[Start of section]

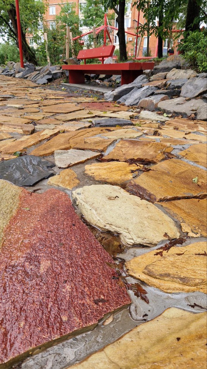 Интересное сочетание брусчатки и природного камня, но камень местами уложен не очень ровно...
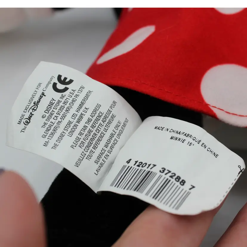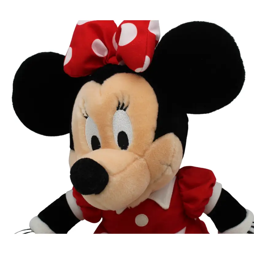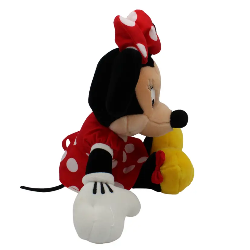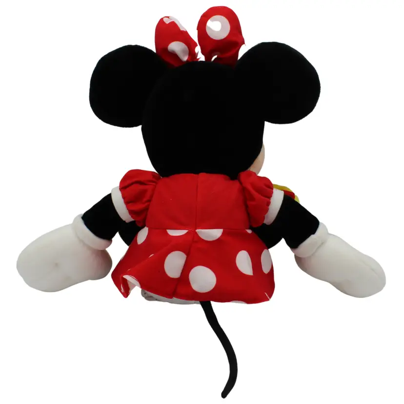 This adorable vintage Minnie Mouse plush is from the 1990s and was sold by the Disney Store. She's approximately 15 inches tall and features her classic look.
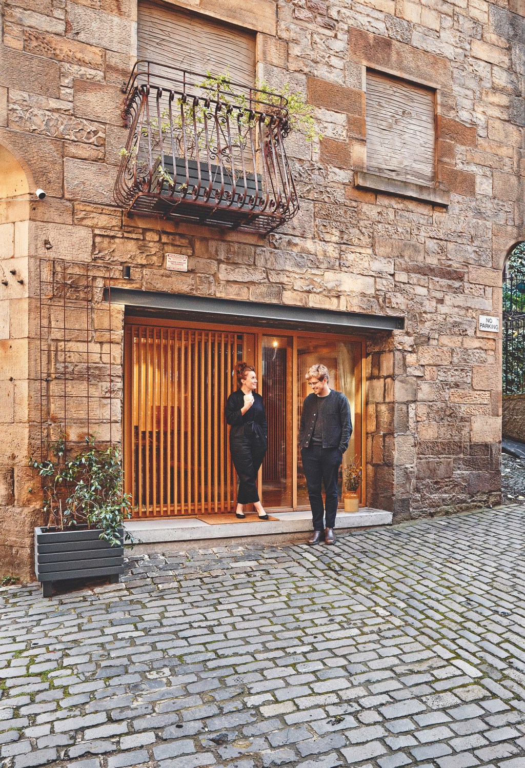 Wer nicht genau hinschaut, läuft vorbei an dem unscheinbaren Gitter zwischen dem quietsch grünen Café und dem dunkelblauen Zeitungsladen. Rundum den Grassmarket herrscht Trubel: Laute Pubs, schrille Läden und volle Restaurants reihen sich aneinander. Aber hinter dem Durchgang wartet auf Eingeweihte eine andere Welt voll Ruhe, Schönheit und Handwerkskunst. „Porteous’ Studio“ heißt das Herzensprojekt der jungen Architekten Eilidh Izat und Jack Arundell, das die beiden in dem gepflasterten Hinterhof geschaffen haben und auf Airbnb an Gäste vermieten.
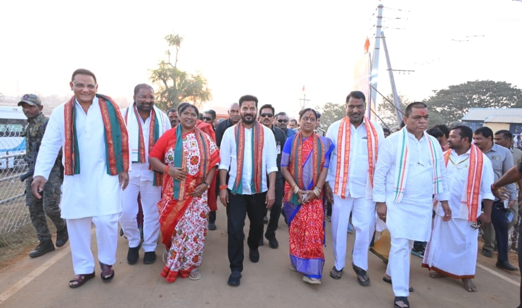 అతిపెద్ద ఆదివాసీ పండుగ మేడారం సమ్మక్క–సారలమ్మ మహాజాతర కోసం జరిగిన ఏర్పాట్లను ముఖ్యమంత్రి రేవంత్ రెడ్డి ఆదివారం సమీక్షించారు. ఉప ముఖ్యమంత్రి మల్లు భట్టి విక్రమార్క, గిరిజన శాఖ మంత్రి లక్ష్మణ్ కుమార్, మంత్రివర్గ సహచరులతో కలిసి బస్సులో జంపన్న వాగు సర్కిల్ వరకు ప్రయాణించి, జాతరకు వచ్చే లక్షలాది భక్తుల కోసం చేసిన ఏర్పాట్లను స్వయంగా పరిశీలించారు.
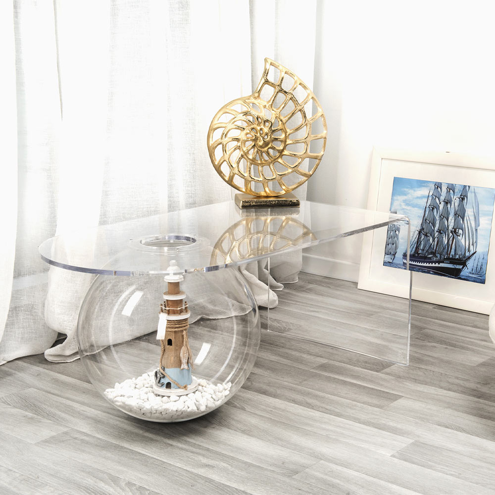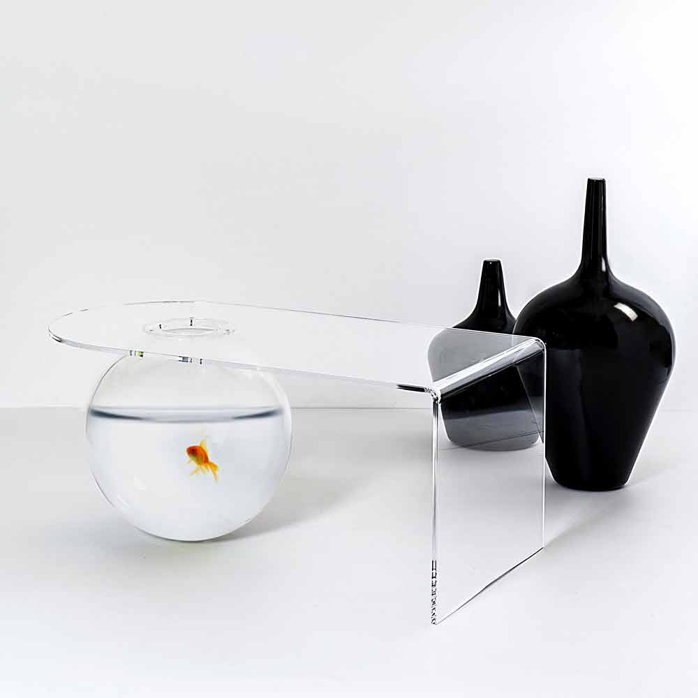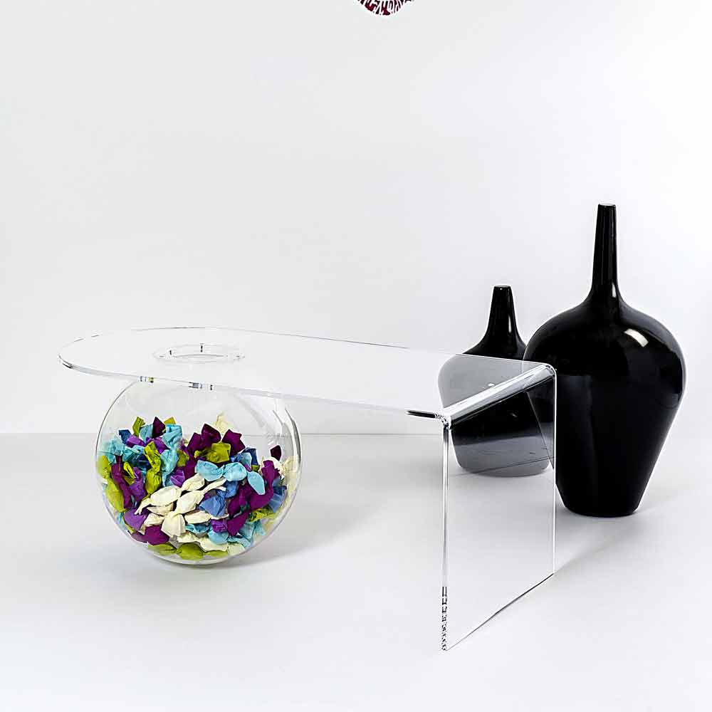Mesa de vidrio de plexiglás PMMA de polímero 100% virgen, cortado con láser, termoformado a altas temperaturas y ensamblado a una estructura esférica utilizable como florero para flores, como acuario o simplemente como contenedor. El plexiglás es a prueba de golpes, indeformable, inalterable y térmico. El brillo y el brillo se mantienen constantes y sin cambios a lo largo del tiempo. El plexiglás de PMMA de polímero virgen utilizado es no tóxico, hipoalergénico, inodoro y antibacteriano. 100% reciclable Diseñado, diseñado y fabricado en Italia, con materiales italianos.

[End of section]
[Start of section]

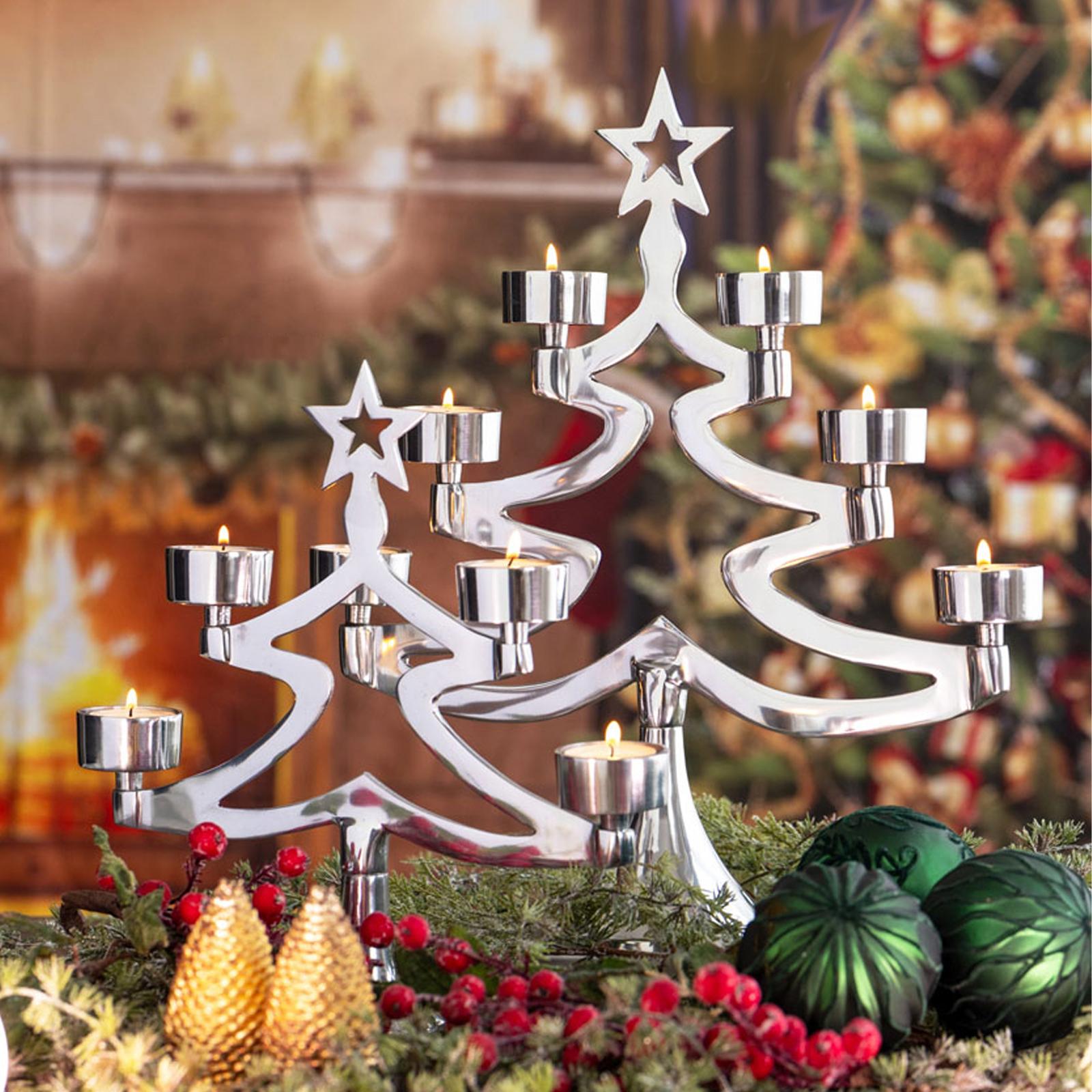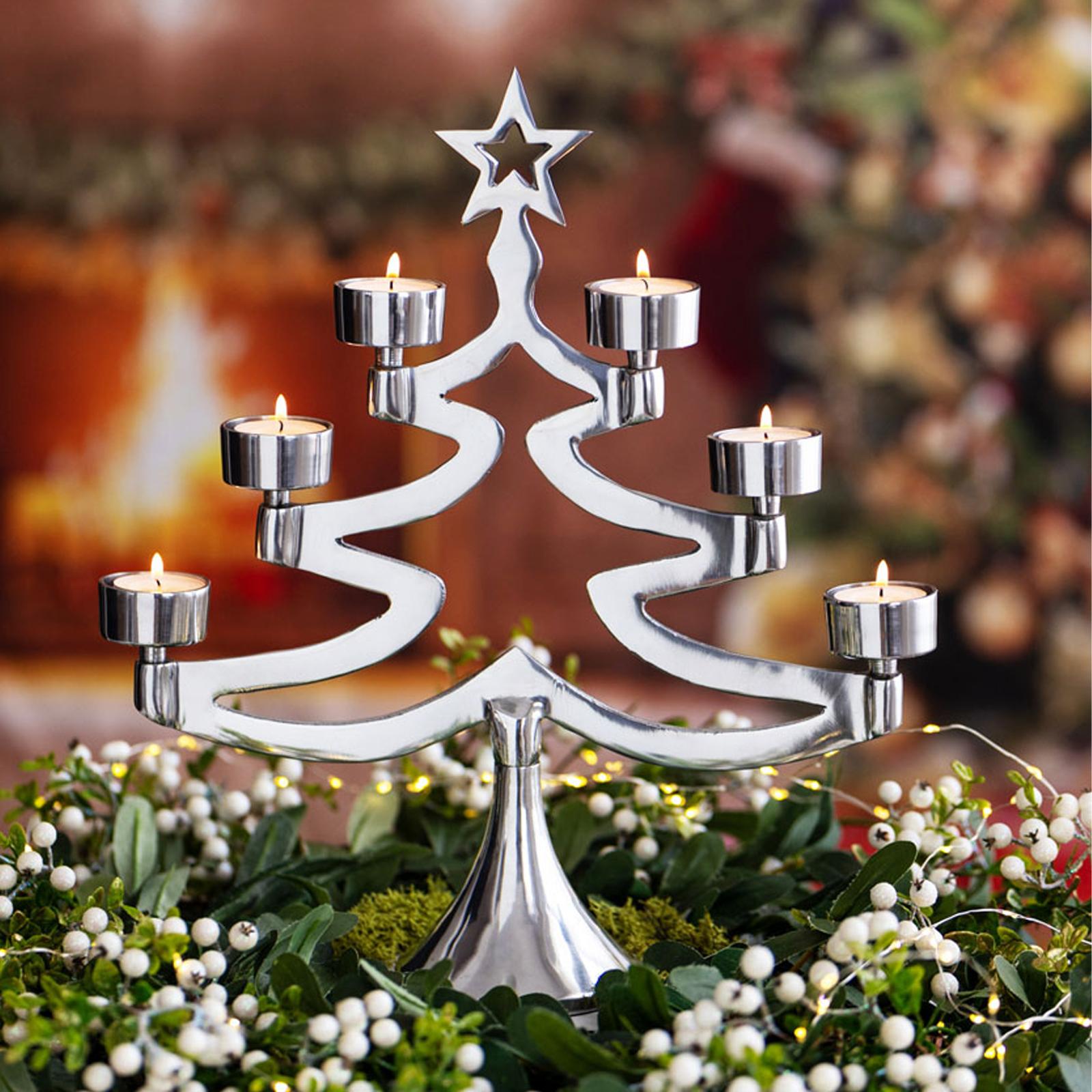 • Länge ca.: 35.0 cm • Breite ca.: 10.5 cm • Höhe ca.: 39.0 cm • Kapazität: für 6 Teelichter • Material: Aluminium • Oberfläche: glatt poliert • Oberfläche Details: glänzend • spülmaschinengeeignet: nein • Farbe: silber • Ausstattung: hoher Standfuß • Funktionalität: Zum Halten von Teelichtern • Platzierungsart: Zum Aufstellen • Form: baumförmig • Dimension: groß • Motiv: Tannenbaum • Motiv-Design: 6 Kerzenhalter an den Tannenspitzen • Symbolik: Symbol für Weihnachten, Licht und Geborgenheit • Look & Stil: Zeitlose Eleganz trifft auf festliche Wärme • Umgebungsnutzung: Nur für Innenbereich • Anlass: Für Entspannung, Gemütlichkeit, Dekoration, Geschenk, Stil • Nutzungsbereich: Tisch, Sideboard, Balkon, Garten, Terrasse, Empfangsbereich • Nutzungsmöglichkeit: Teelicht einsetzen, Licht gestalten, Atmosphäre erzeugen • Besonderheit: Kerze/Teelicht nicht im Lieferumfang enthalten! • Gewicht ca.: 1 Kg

[End of section]

TASK DETAILS -
Quote word for word only the lines above from the one containing "Wer nicht genau" through the one containing "Mesa de vidrio". Pictures stay out of your copy.

RESULT FOR THIS EXERCISE -
 Wer nicht genau hinschaut, läuft vorbei an dem unscheinbaren Gitter zwischen dem quietsch grünen Café und dem dunkelblauen Zeitungsladen. Rundum den Grassmarket herrscht Trubel: Laute Pubs, schrille Läden und volle Restaurants reihen sich aneinander. Aber hinter dem Durchgang wartet auf Eingeweihte eine andere Welt voll Ruhe, Schönheit und Handwerkskunst. „Porteous’ Studio“ heißt das Herzensprojekt der jungen Architekten Eilidh Izat und Jack Arundell, das die beiden in dem gepflasterten Hinterhof geschaffen haben und auf Airbnb an Gäste vermieten.
 అతిపెద్ద ఆదివాసీ పండుగ మేడారం సమ్మక్క–సారలమ్మ మహాజాతర కోసం జరిగిన ఏర్పాట్లను ముఖ్యమంత్రి రేవంత్ రెడ్డి ఆదివారం సమీక్షించారు. ఉప ముఖ్యమంత్రి మల్లు భట్టి విక్రమార్క, గిరిజన శాఖ మంత్రి లక్ష్మణ్ కుమార్, మంత్రివర్గ సహచరులతో కలిసి బస్సులో జంపన్న వాగు సర్కిల్ వరకు ప్రయాణించి, జాతరకు వచ్చే లక్షలాది భక్తుల కోసం చేసిన ఏర్పాట్లను స్వయంగా పరిశీలించారు.
Mesa de vidrio de plexiglás PMMA de polímero 100% virgen, cortado con láser, termoformado a altas temperaturas y ensamblado a una estructura esférica utilizable como florero para flores, como acuario o simplemente como contenedor. El plexiglás es a prueba de golpes, indeformable, inalterable y térmico. El brillo y el brillo se mantienen constantes y sin cambios a lo largo del tiempo. El plexiglás de PMMA de polímero virgen utilizado es no tóxico, hipoalergénico, inodoro y antibacteriano. 100% reciclable Diseñado, diseñado y fabricado en Italia, con materiales italianos.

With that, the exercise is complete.